How can we try to introduce our neighbors of other faiths to Jesus, if we refuse introduction to Allah? Or Krishna? Or Elvis or the Buddha? This is the sort of posture that Buddhist Christ-follower Thich Nhat Hanh has chosen to follow.

My personal beliefs aren't quite as radical as all this sounds - that's not the point. I love Jesus Christ with all my heart, but I am still just beginning to understand what that means. The tighter I cling to who I think Jesus is, the more I find spilling out between my fingers. When I hold Jesus with open arms, inviting those around me to share in fellowship, grace, and transformation, I find that my heart grows, rather than contracts. My spirit dances.
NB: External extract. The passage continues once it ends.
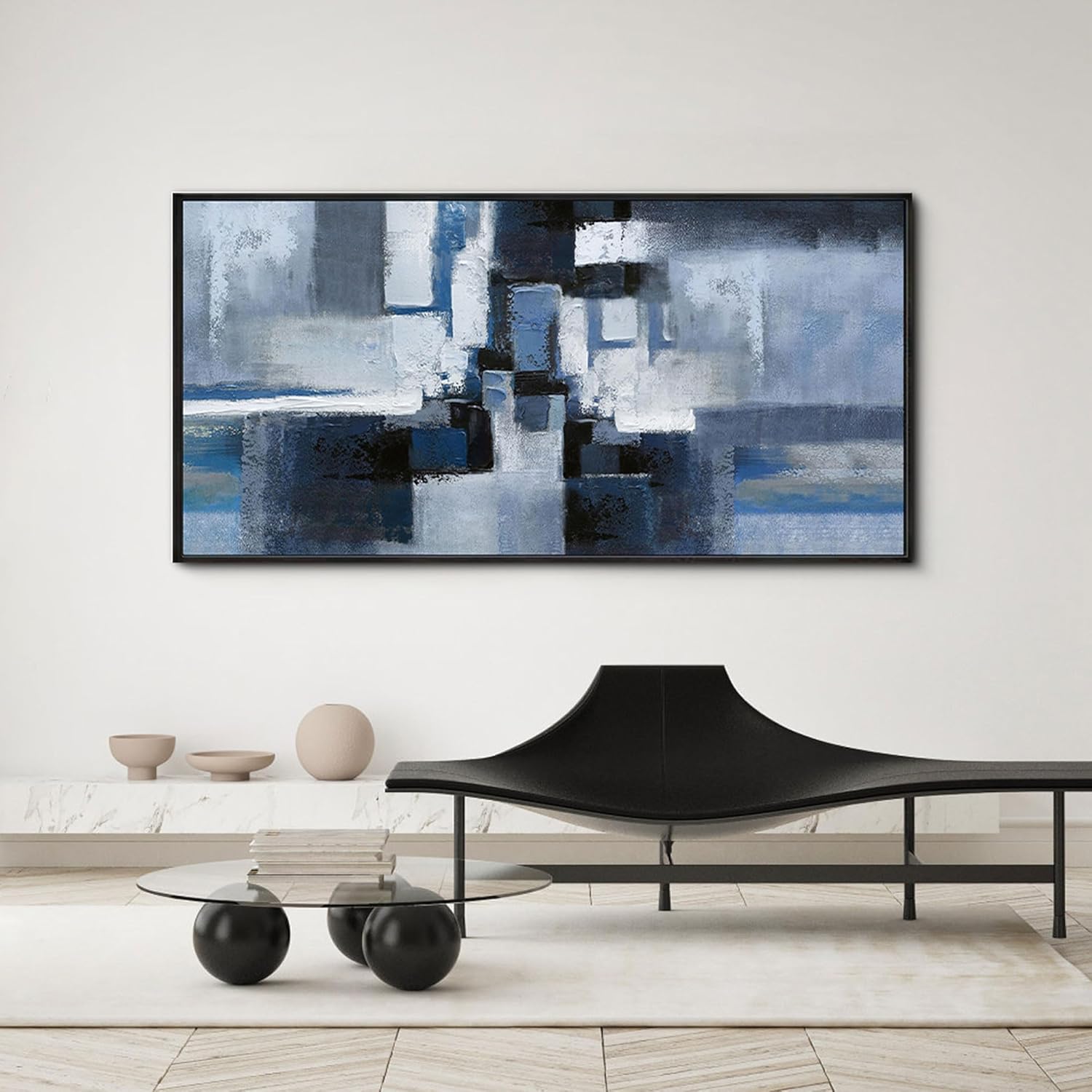 • Large Abstract Wall Art Framed Artwork Size:48x24 inches,where the cityscape transforms into an abstract symphony of blues.

Yes. It's scary. It's f***ing terrifying to consider the possibility of a different truth. Other. But we've got plenty of Christians who are fighting to hold established, normalized, homogenized, pasteurized, sterilized, suburbanized, modernized, anglicized, censored for television, family-friendly, "home turf." I find that completely uninteresting. There are real people in the fringes, between faith and doubt, certainty and ambiguity, orthodox and heretical, and those people are a lot of fun to know...

"Grab Yer Gun!"

I've been hearing a lot of gun-talk lately. Mostly, from older men I really, genuinely like. So it's hard to reconcile, and I keep biting my tongue as they say:

"Obama's takin' are guns away!"

"Our dear president is throwing away my freedom!"
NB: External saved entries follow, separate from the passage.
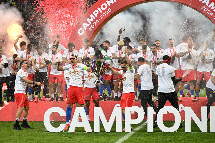 Descriere: Fotbalistii ros-albastrii celebreaza castigarea Superligii Superbet in urma meciului dintre FCSB si Universitatea Craiova, din cadrul Play off-ului competitiei, desfasurat pe Arena Nationala din Bucuresti, sambata 17 mai 2025. © FOTO:Razvan Pasarica/SPORT PICTURES
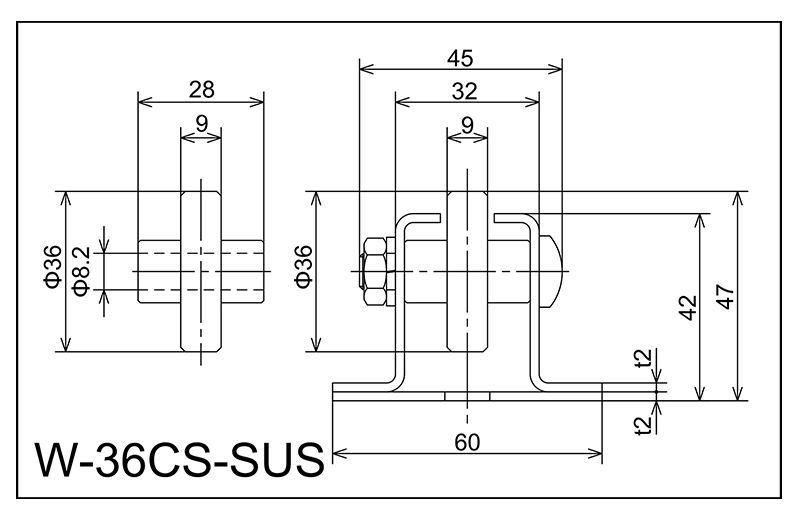 | ডাব্লু -36 সিএস-সুস | 36x9x8.2x28 | M8x40L | 42x60x32x45x2.0 | 47 | 1800 · 2400 · 3000 | 50.75 · 100 · 150 | 40 | J |
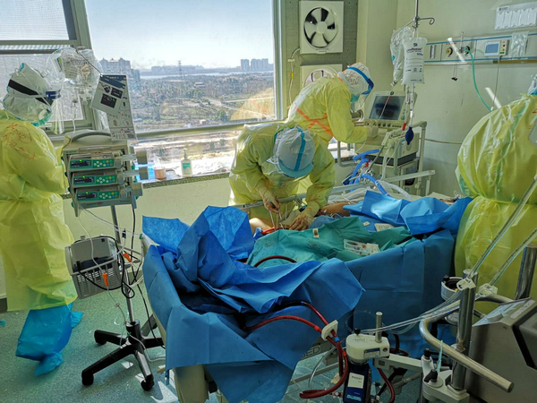 Zhang (center) treats a COVID-19 patient. [Photo provided to China Daily] |
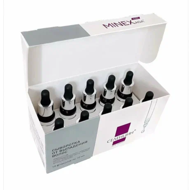 Сыворотка от выпадения волос Селенцин MINEXaga на основе производной минокcидила воздействует непосредственно на механизмы выпадения волос. Комплексное средство действует в трех направлениях – на кожу головы, корни и стержни волос, помогая эффективно бороться с выпадением, поредением и истончением волос. Воздействует на выпадение волос любой этиологии. Может использоваться как при диффузном, так и при андрогенетическом выпадении. Рекомендуется для мужчин и женщин. Без синдрома отмены.
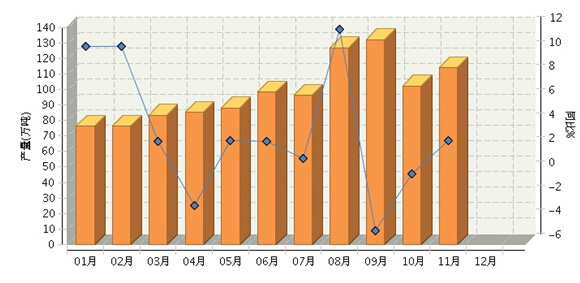 2015年1~11月,全国罐头累计产量1086.36万吨,同比增长1.65%。自年初起产量环比增长,至9月份最高达132.3万吨,10月份产量回调为102.32万吨,同比小幅下降0.15%;11月份完成产量继续回升至114.02万吨,同比增长2.6%。
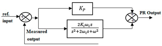 In recent years, there has been a noticeable rise in the use of PR controllers. The droop controller that is presented is founded on the reference frame. The control loops encompass proportional plus resonant (PR) terms that are adjusted to the fundamental frequency. This is mostly because PR controllers can effectively reduce the steady-state error that comes with sinusoidal signals. Furthermore, the controllers have garnered attention as suitable options for MGs due to their simple implementation, ability to compensate for low-order harmonics, and capacity to do so without impacting system dynamics or overall bandwidth. The utilization of a PR controller for the purpose of voltage harmonic removal in DG interface inverters is employed. Figure 6 depicts the execution of the PR control scheme. The math modeling of an ideal PR controller may be characterized as [39]:

I've heard that phrase several times actually: "our dear president." Is there a right wing pundit out there who uses that term for Obama?
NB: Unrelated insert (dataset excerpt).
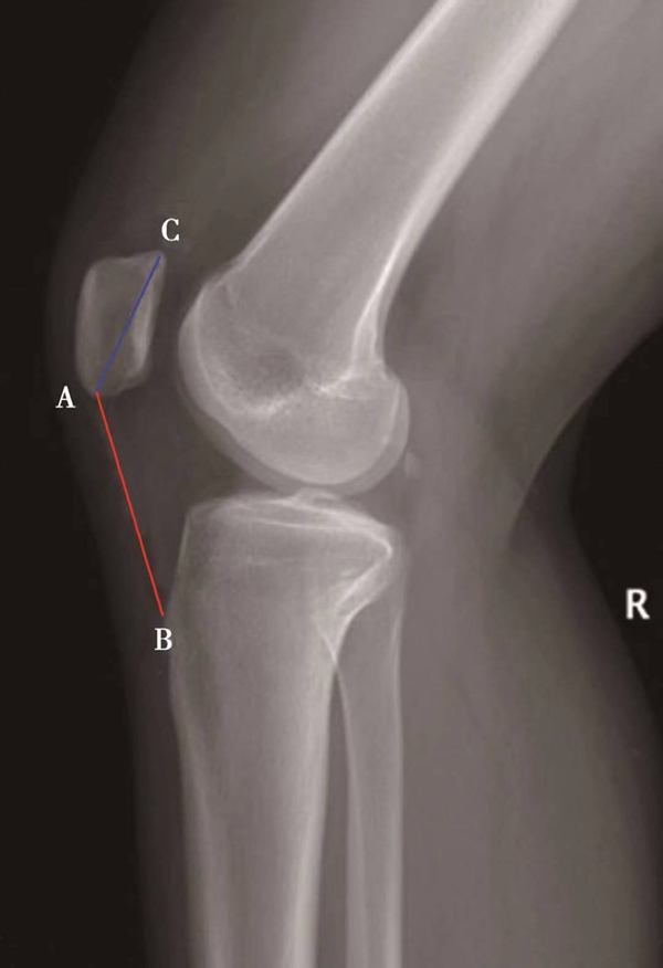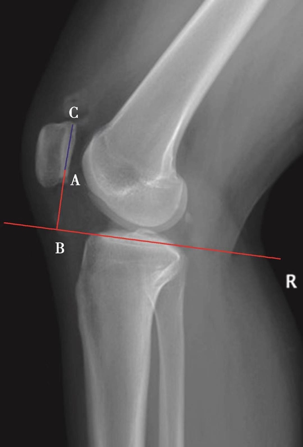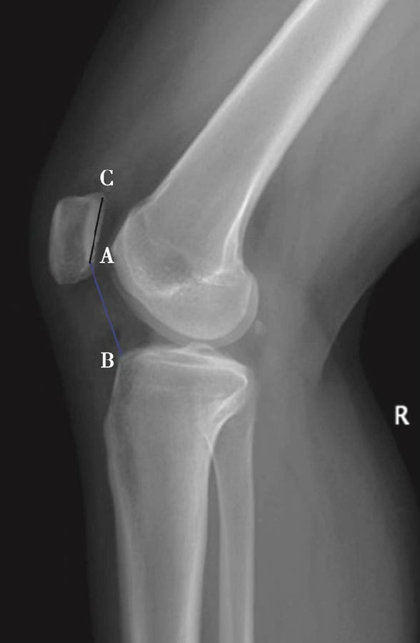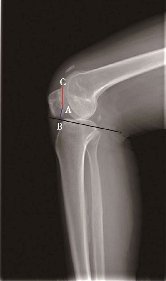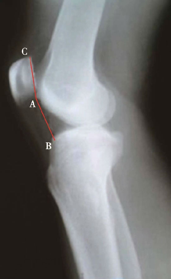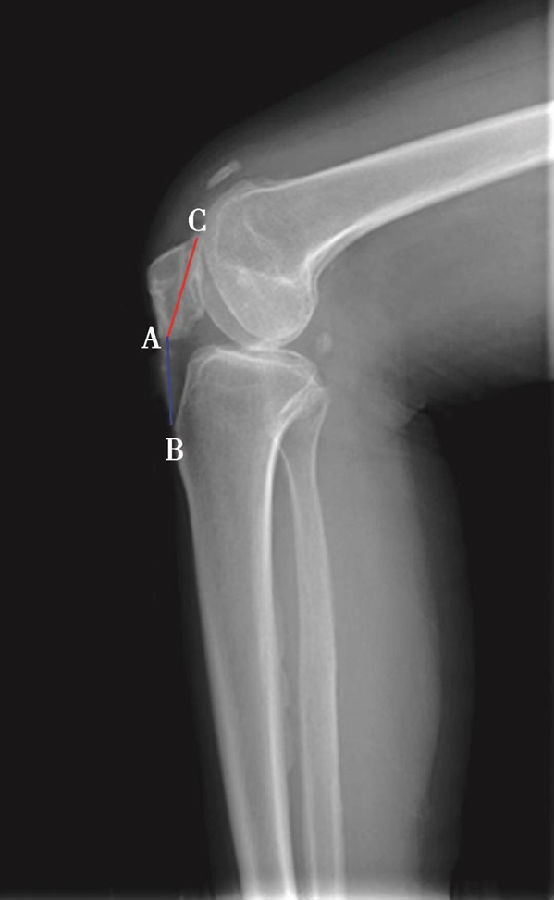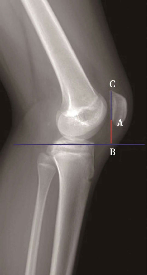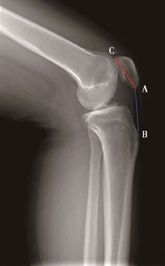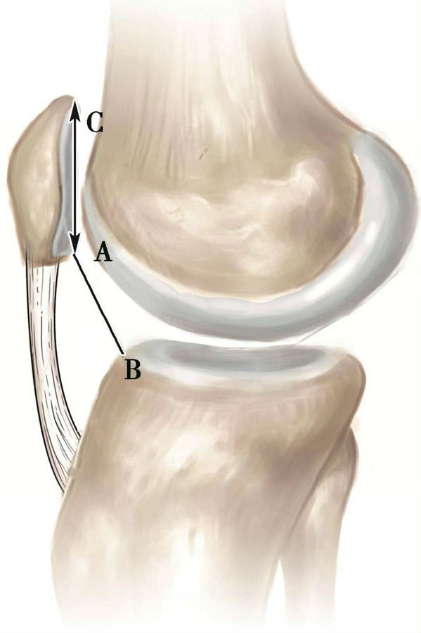 如图示:AB是髌韧带长度,AC髌骨纵轴长度。Insall-Salvati指数=AB/AC(图4)。

Anyway, I shouldn't be surprised. Oregon has always offered a curious cultural dualism: liberals and conservatives, progressive-elite and salt-of-the-earth farmers. To be honest, I can't say I like the cold, clammy liberals with their high ideals, more than the warm, friendly conservatives with their black-and-white worldview and their hellfire religion. I'd kind of like to have it both ways - liberal views and conservative hospitality.

I know: these are GROSS generalizations.

And I digress... gun-talk.

Everybody's scared that Obama's going to take their guns away. Because he agreed that certain limitations were reasonable in certain situations: like gun-plagued-inner-city-Washington D.C.

And here's my conclusion, it might not be popular: if as many white kids were dying of gunshot wounds in America as black kids are, something would be done. But there is a pricetag placed on human life. And we care more about our "God-given-right" to own weapons than we do about creating a society in which laws protect vulnerable youth and minorities in cities and slums we can't fathom from our 10 acres of Central Oregon wilderness (not mine, I rent).

The statistics don't lie: America has the worst violent crimes record among its 1st world peers.

In my last post, I asked who would be willing to give up their own salvation (their "eternal security," their sense of eschatological certainty and spiritual comfort) for the sake of loving people on the fringes and connecting with the real world.

In this post I ask who might be willing to give up their right to bear arms, if it meant saving the lives of children, adolescents, women, elderly - anyone vulnerable to violence? If asking that question leads you to think of quick retorts - apologetics for why guns keep people safer... well, then I guess that's the answer. "Not willing."

Are you angry that "they took your guns?"

I want to try to model a gentler way of approaching the world. I believe in freedom, but not at the expense freedom.